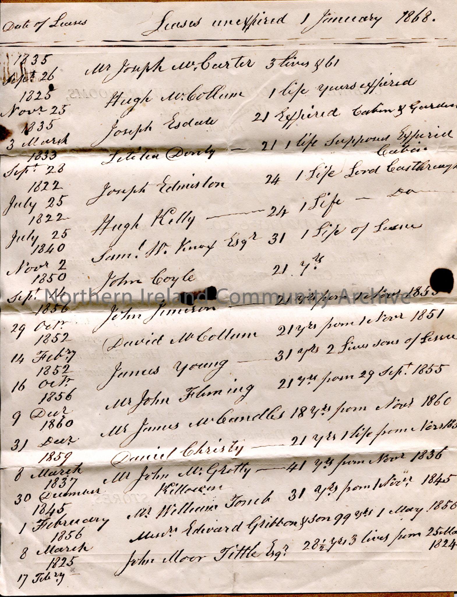 Handwritten list of leases unexpired on 1 January 1868, with names of tenants and original lease date and agreement details - e.g. Edward Gribbon, Daniel Christy, John McGrotty of Killowen. Written on back of flyer for William Fry and Co., Cabinet and Upholstery Warerooms in Dublin
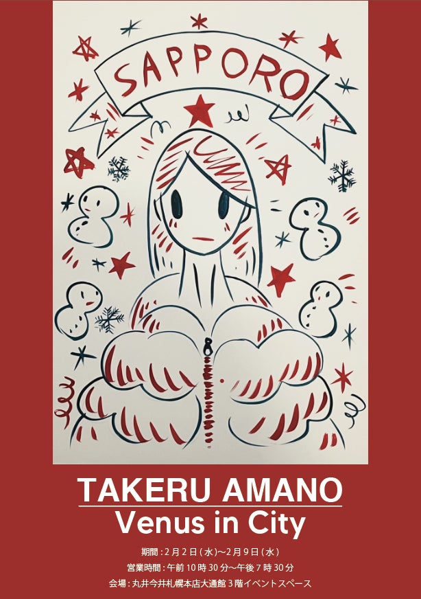 展示作品が即日完売するなど、世界的にも注目を集めているアーティスト天野タケルのPOP UP EXHIBITION『Venus in City』を、2022年2月2日(水)より丸井今井札幌本店にて開催いたします。
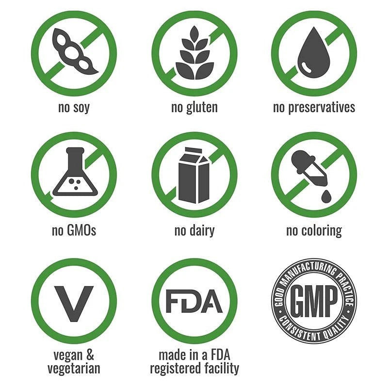 Premium Quality: Non-GMO, Gluten Free, Soy Free, Vegan & Vegetarian, with NO Coloring, Flavoring, or Preservatives.
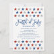 Celebrar o dia 4 de julho com um convite de festas das Estrelas Espumantes. A quarta parte de julho convida a apresentar estrelas e listras brilhantes vermelhas, prateadas e azuis, fontes de script de tendência e marcadores para suas informações personalizadas sobre o partido.
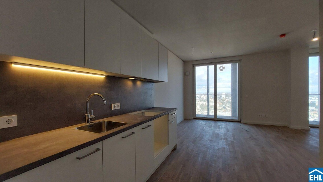 TOWER HOMES im Vienna Twentytwo - Erstbezugswohnungen bei der U1 - Rooftop-Pool, Fitnessraum & Saunabereich!In einzigartiger Lage, direkt bei der U1-Station Kagran und vis-à-vis vom Donau Zentrum, entsteht ein exklusiver, ca. 155m hoher Wohnturm mit 45 Etagen. Die insgesamt 347 Mietwohnungen bieten einen vielfältigen Wohnungsmix: von smart geschnittenen 1,5-Zimmer-Apartments ab ca. 38 m² über komfortable 2-Zimmer-Wohnungen bis hin zu großzügigen 3- und 4-Zimmerwohnungen mit bis zu ca. 80 m².Die Kombination aus moderner Architektur, weiten Glasfronten, hochwertiger Ausstattung und einem nachhaltigen, energieeffizienten Gebäudekonzept schafft ein urbanes Zuhause mit besonderem Wohnkomfort – ideal für Singles, Paare und Familien.Highlights von V2245 Etagen, ca. 155 m Höhe1,5- bis 4-Zimmer-Wohnungen mit optimalen GrundrissenErstklassige Allgemeinflächen:Rooftop-Pool mit großzügiger Terrassenlandschaft, Sitz- & LiegebereichenFitnessraum, Saunabereiche, WaschkücheJugendspielraum mit vorgelagertem KleinkinderspielplatzGemeinschaftsräume mit TerrasseFahrradraum inkl. Waschplatz & WerkbankHundewaschplatzEinlagerungsräume auf allen WohnetagenStellplätze können in der hauseigenen Tiefgarage um € 168,00 brutto angemietet werden.Eine detaillierte Übersicht anhand unseres Grundrissnavigators finden Sie hier!AusstattungDie Ausstattung überzeugt durch ein sorgfältig abgestimmtes, hochwertiges Konzept:Österreichisches Qualitätsparkett von WeitzerItalienisches Feinsteinzeug von MarazziMarken-Sanitärausstattung von Hansa, Villeroy & Boch, GeberitSicherheitstüren (WK3)Holz-Alu-Fenster mit innenliegendem SonnenschutzSmarte Gebäudetechnik - Heizen & Kühlen mittels Bauteilaktivierung/WärmepumpenGlasfaseranschluss (A1, Magenta)Video-GegensprechanlageLage & InfrastrukturDie Lage im 22. Bezirk erfüllt höchste Ansprüche an modernes, urbanes Wohnen:Direkt an der U1-Station Kagran – 11 Minuten bis zum StephansplatzGegenüber vom Donau Zentrum mit vielfältigen Shopping- & GastronomieangebotenWenige Minuten zur Alten Donau, Donauinsel und Donaupark – für Sport & FreizeitNähe zu internationalen Unternehmen, Bildungsinstitutionen und der UNO-CityBitte beachten Sie, dass es sich bei den Fotos lediglich um Musterfotos handelt!

──────

Work item:
Please return, exactly as written, the lines from the first line of the records above through the line containing "展示作品が即日完売するなど、世界的にも注目を集めているアーティスト天野タケルのPOP UP EXHIBITION『Venus", both included, leaving out any pictures.

Exercise response:
 Handwritten list of leases unexpired on 1 January 1868, with names of tenants and original lease date and agreement details - e.g. Edward Gribbon, Daniel Christy, John McGrotty of Killowen. Written on back of flyer for William Fry and Co., Cabinet and Upholstery Warerooms in Dublin
 展示作品が即日完売するなど、世界的にも注目を集めているアーティスト天野タケルのPOP UP EXHIBITION『Venus in City』を、2022年2月2日(水)より丸井今井札幌本店にて開催いたします。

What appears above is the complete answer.